65. Pendekatan yang dilakukan untuk menentukan pembanding yang
tepat berupa pendekatan additive dan pendekatan deductive. Pendekatan

169
additive adalah pendekatan untuk mencari pembanding potensial yang diawali
dari suatu penilaian terhadap perusahaan-perusahaan tertentu yang dapat
dijadikan pembanding. Keunggulan dari pendekatan ini adalah hasil
pembanding yang lebih fokus dan sudah dikenal luas dalam industri.
Kekurangannya adalah perusahaan yang telah ditentukan sebelumnya tersebut
ternyata tidak sebanding dan tidak ditemukan dalam database.
66. Pendekatan deductive adalah pendekatan yang berangkat dari
kriteria-kriteria faktor kesebandingan, yang lebih mengutamakan proses
analisis kesebandingan jika dibandingkan dengan hasil pencarinya. Pendekatan
deductive berfokus pada proses, sehingga langkah-langkah pencarian atau
kriteria yang digunakan dalam mencari pembanding sangat diperhatikan.
Keunggulan pendekatan deductive adalah dalam hal transparansi dan
kemudahan verifikasi.

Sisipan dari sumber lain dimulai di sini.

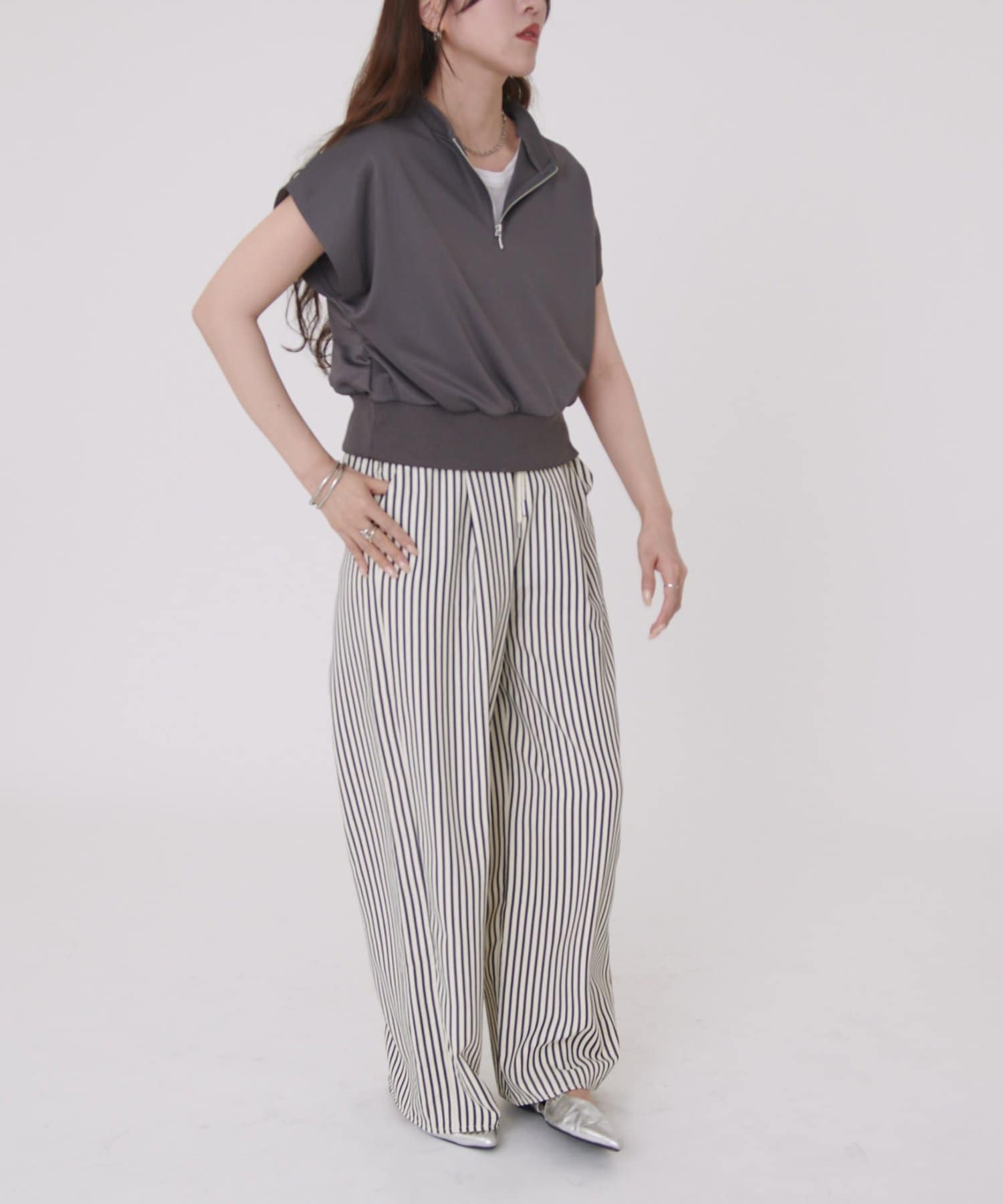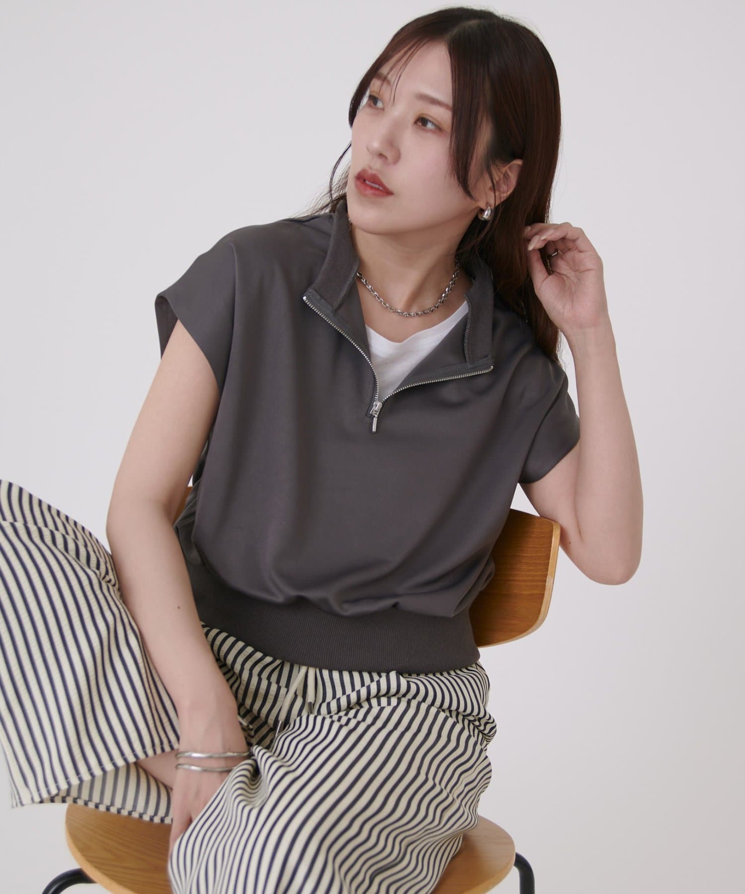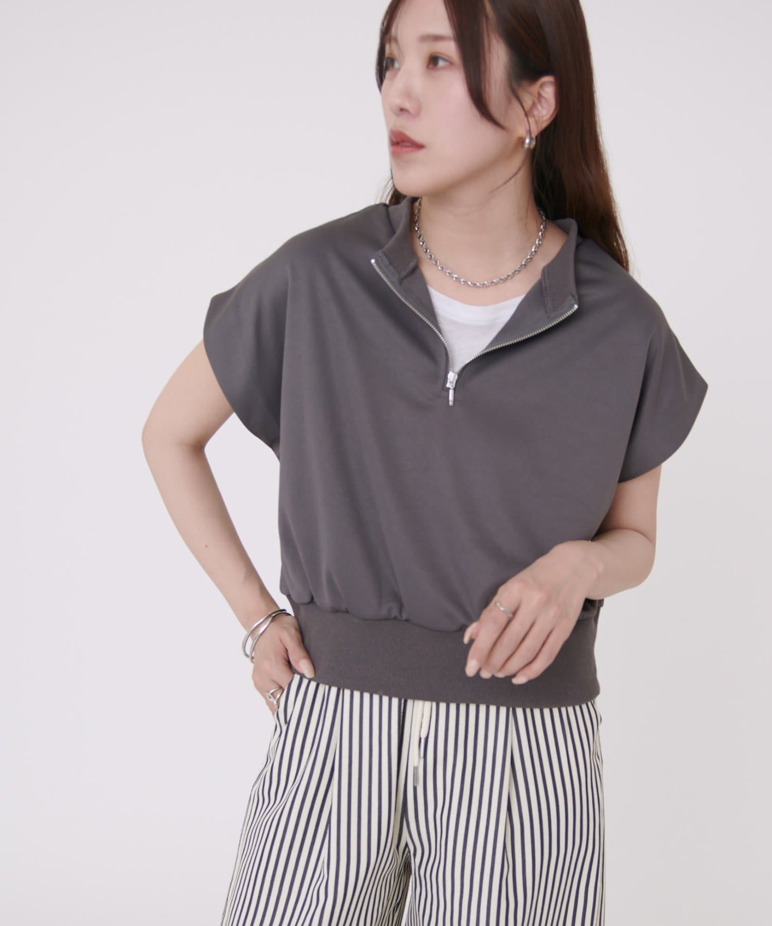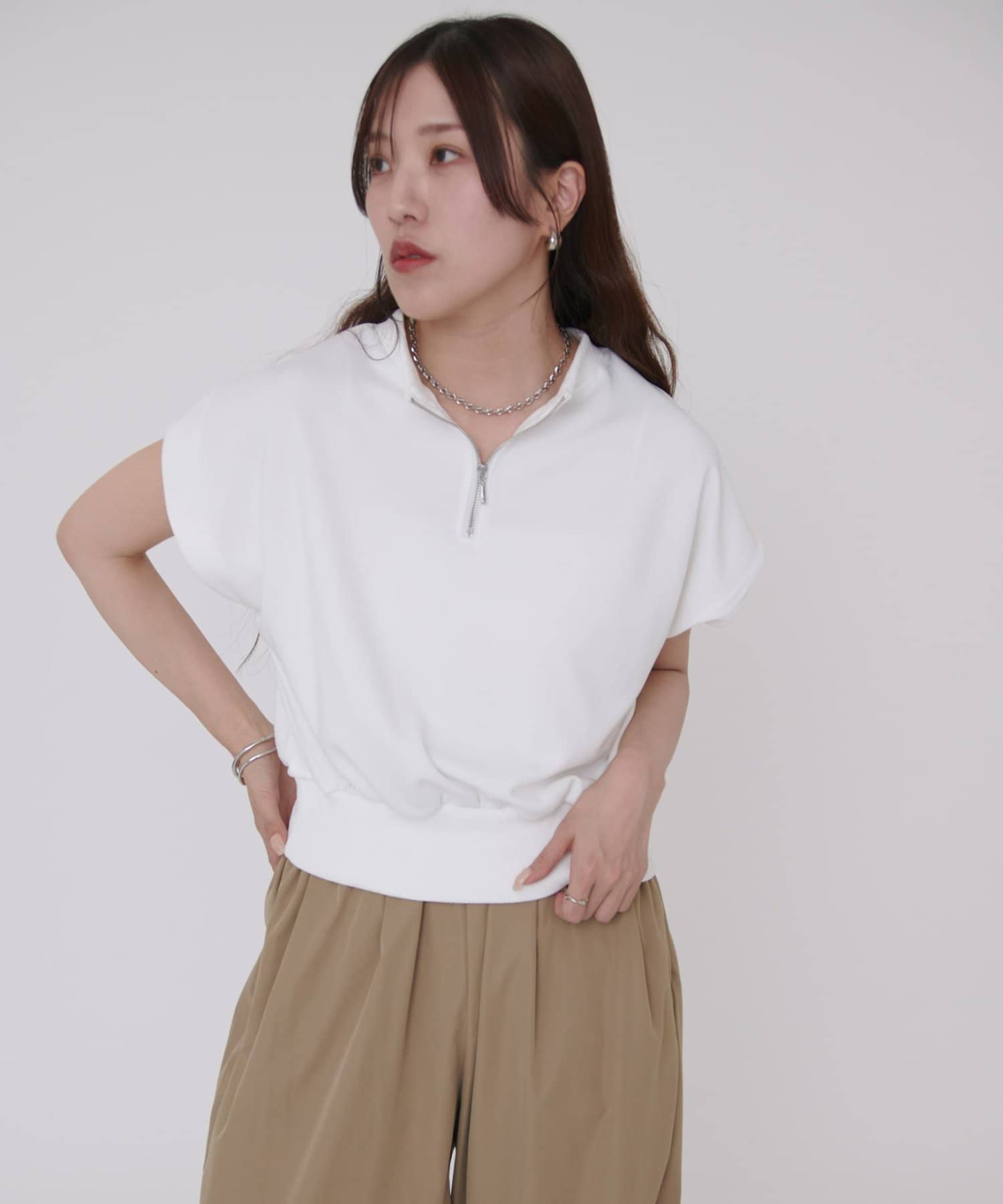 【WEB限定】2WAYフレンチスリーブZIP付トップス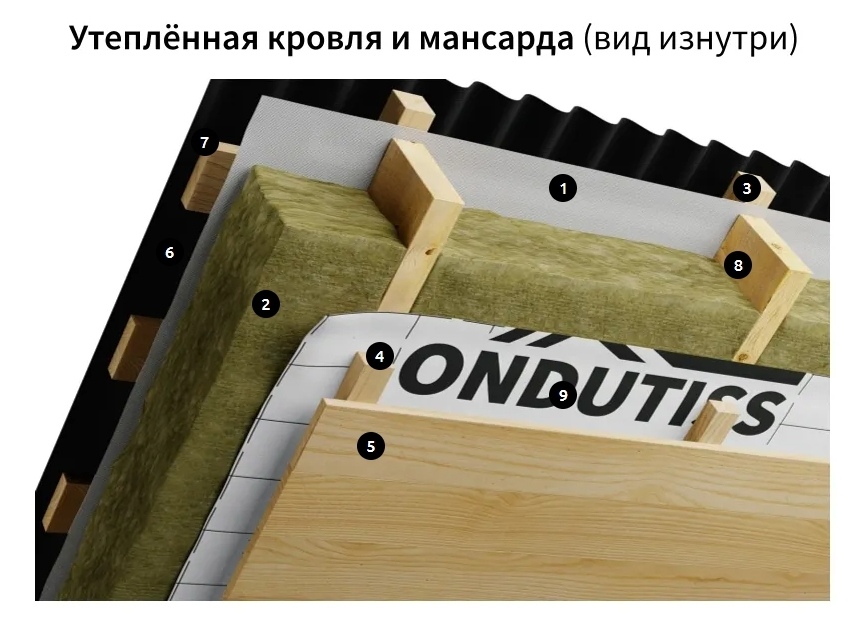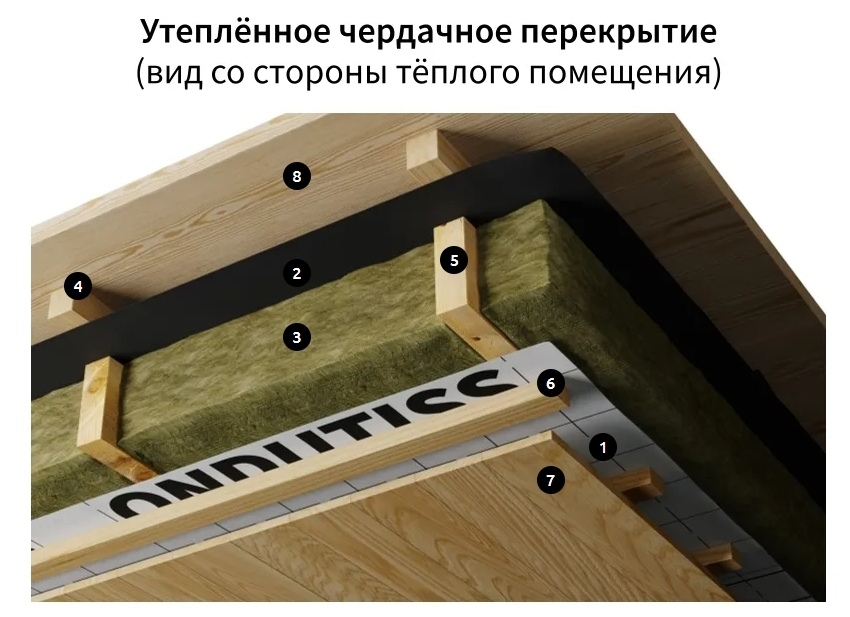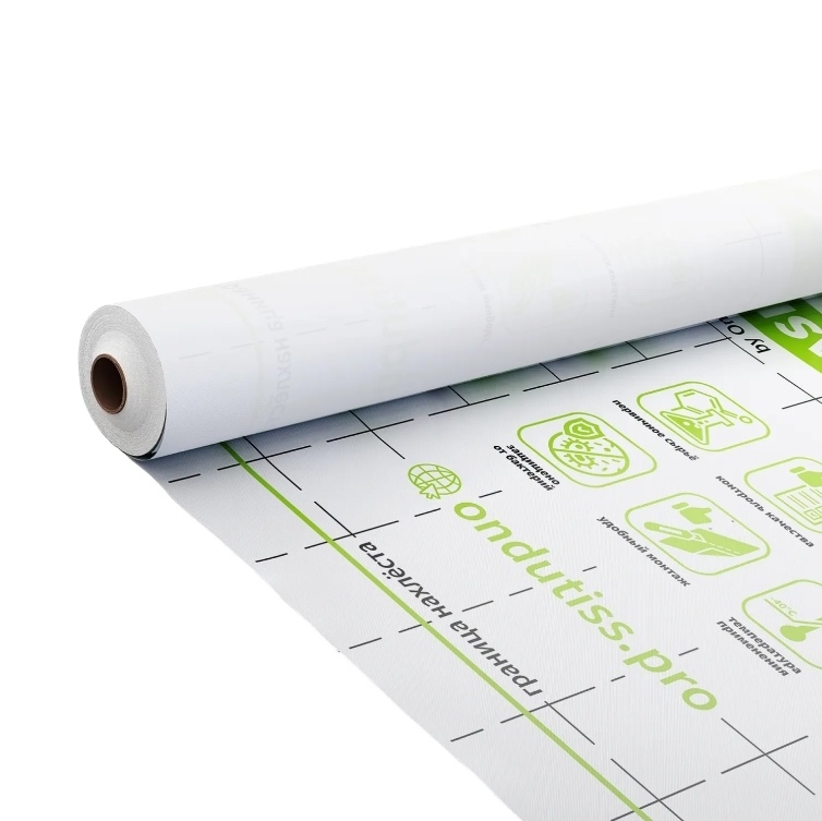 Двухслойная плёнка с низкой паропроницаемостью, хорошей прочностью и водостойкостью. Обеспечивает защиту утеплителя от водяных паров изнутри помещения.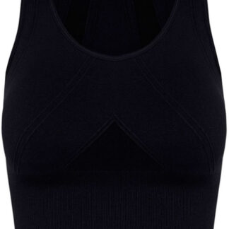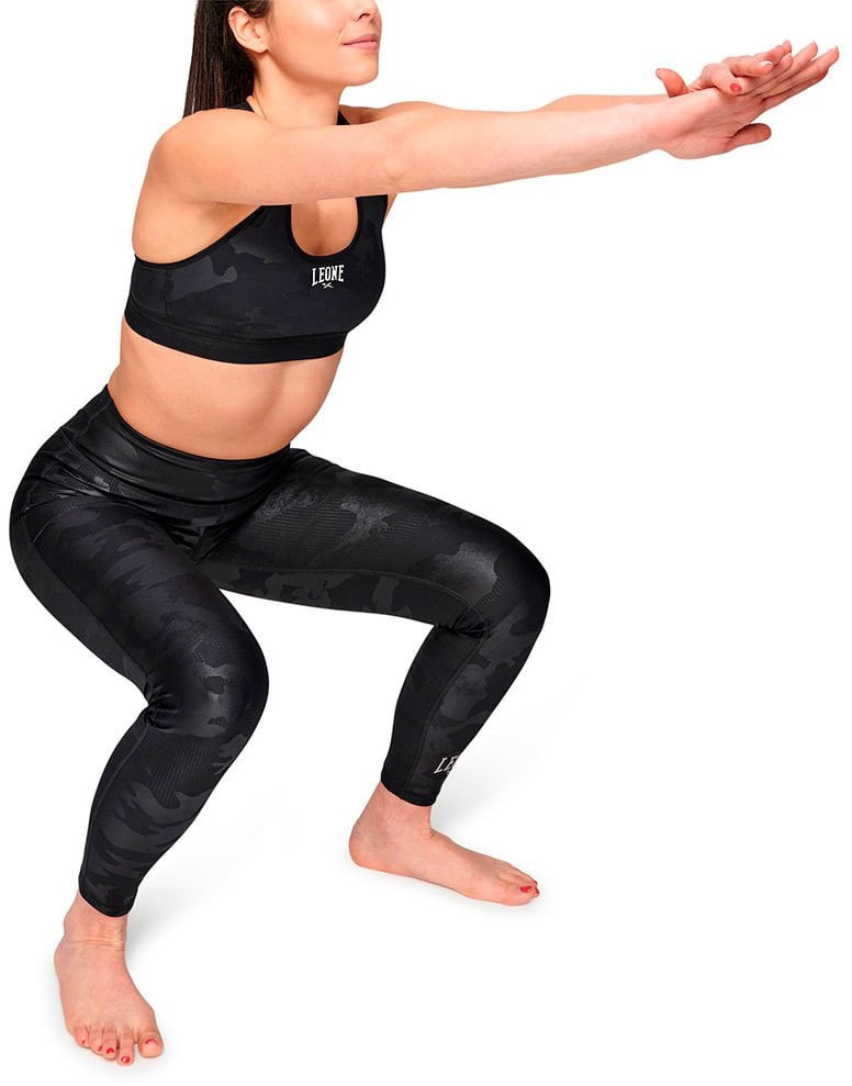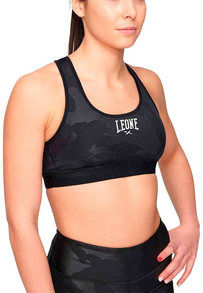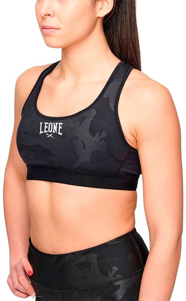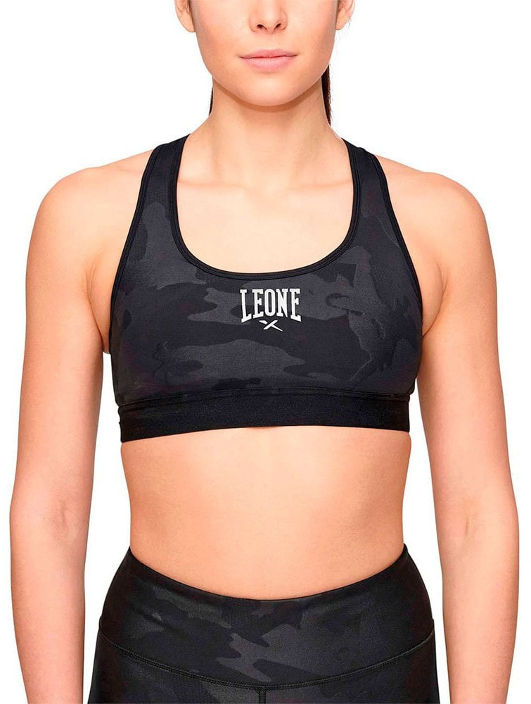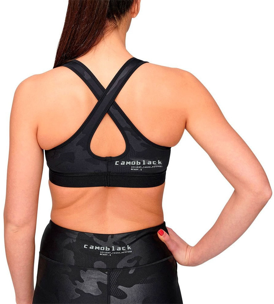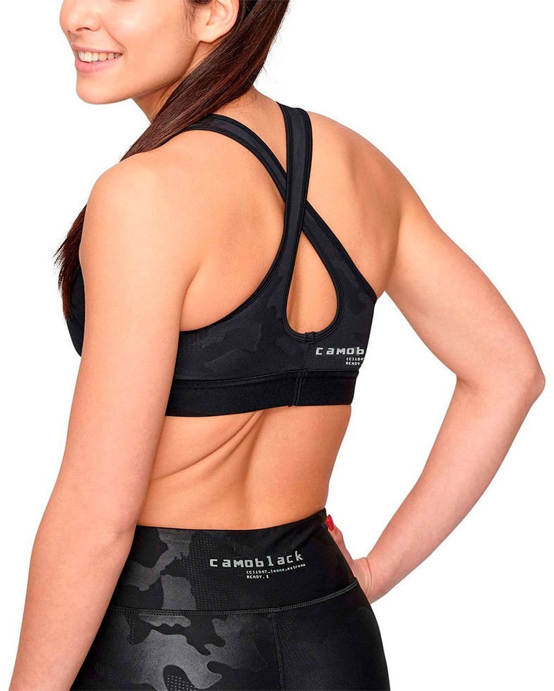 Camoblack sports bra, enveloping and oriental with crossed straps.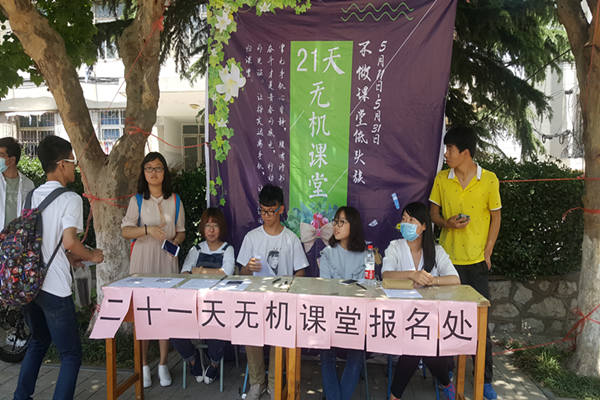 为让同学们远离手机,提高同学们的学习效率,培养同学们养成良好的学习习惯。机电系学生会于5月9日开始组织开展21天课堂“无机”挑战赛活动。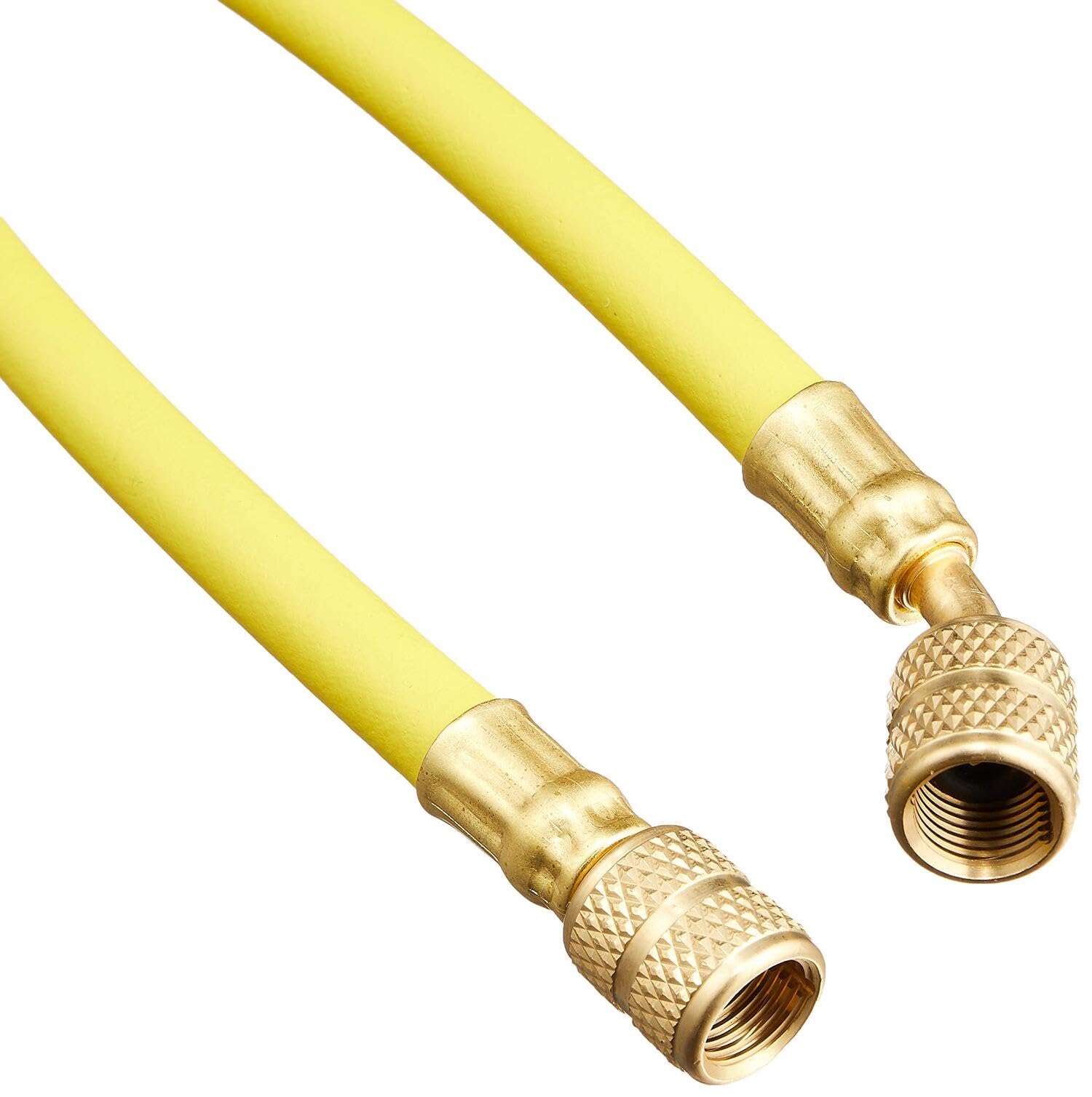 イチネンTASCO TA132AF-3 チャージホース92cm黄 ホース長:92㎝ カラー:黄 常用圧力:5.5MPa 破壊圧力:27.5MPa 内面耐HFC用ナイロンコート ●R410A、R32に接続可能 ●ナイロンコーティングのため、冷媒の透過が少なく高耐圧、冷媒による材質変化をしにくい仕様。HNBR素材高耐圧構造パッキンを採用 ●※チャージホースは耐圧気密テスト用には使用しないでください。表面に亀裂やパッキンの状態など使用毎に確認し、必要に応じて早めに交換する事をお勧めします。

Kelemahannya adalah kualitas hasil pembanding sangat
bergantung pada kualitas database yang digunakan.
67. Dalam menentukan pendekatan mana yang lebih baik digunakan
dilakukan dengan cara memilih pembanding yang dapat dipertahankan. Syarat
suatu pembanding dapat dipertahankan adalah:
(i) Harus sejalan dengan prinsip atau situasi ekonomi;
(ii) Faktor transparansi dan objektif; dan
(iii) Prosesnya dapat diulangi pada saat pemeriksaan.
68. Syarat tersebut paling tepat dipenuhi oleh pendekatan deductive,
sehingga pendekatan tersebut dianggap paling tepat untuk digunakan dalam
menentukan pembanding.

E. METODE PENENTUAN HARGA TRANSFER

69. Dalam menentukan metode harga atau laba wajar perlu dilakukan
kajian untuk menerapkan metode penentuan harga transfer yang paling sesuai
(the most appropriate method). Kajian dalam menentukan metode Penentuan
Harga Transfer dilakukan dengan melihat kriteria sebagai berikut:
(i) Keunggulan dan kekurangan dari masing-masing metode;
(ii) Kesesuaian metode dengan sifat dasar transaksi antar pihak yang
mempunyai Hubungan Istimewa, ditinjau melalui analisis fungsional;
(iii) Ketersediaan informasi yang andal;

170
(iv) Tingkat kesebandingan antara transaksi antar pihak yang mempunyai
Hubungan Istimewa dengan transaksi independen, termasuk keandalan
penyesuaian yang dilakukan.
70. Lima metode Penentuan Harga Transfer yang digunakan di Indonesia
terbagi kedalam dua bagian, yaitu: (i) traditional transaction methods dan (ii)
transactional profit method. Traditional transaction methods merupakan metode
Penentuan Harga Transfer yang menggunakan perbandingan pada tingkat harga
dan laba kotor (gross profit). Termasuk dalam traditional transation methods
adalah metode perbandingan harga, metode harga jual kembali, dan metode
biaya-plus. Traditional transaction methods dianggap sebagai metode yang
paling sesuai karena untuk setiap perbedaan dalam tingkat harga antara
transaksi yang dilakukan dengan pihak Hubungan Istimewa dengan harga
transaksi yang dilakukan pada pihak independen dapat ditelusuri langsung dan
dapat langsung dilakukan penyesuaian harga yang sebanding dengan transaksi
pihak independen.
71. Sedangkan transactional profit methods merupakan metode
Penentuan Harga Transfer dengan menggunakan perbandingan pada tingkat
laba bersih (net margin). Termasuk dalam transactional profit methods adalah
metode pembagian laba, dan metode laba bersih transaksional. Penggunaan
transactional profit method dianggap paling sesuai pada kondisi masing-masing
pihak dalam suatu Grup Usaha membuat kontribusi yang bernilai dan unik atau
pada saat suatu pihak terlibat dalam kegiatan yang saling terintegrasi.
72. Metode Penentuan Harga Transfer yang dapat digunakan adalah
sebagai berikut:

E.1. Metode Perbandingan Harga (Comparable Uncontrolled Price/CUP)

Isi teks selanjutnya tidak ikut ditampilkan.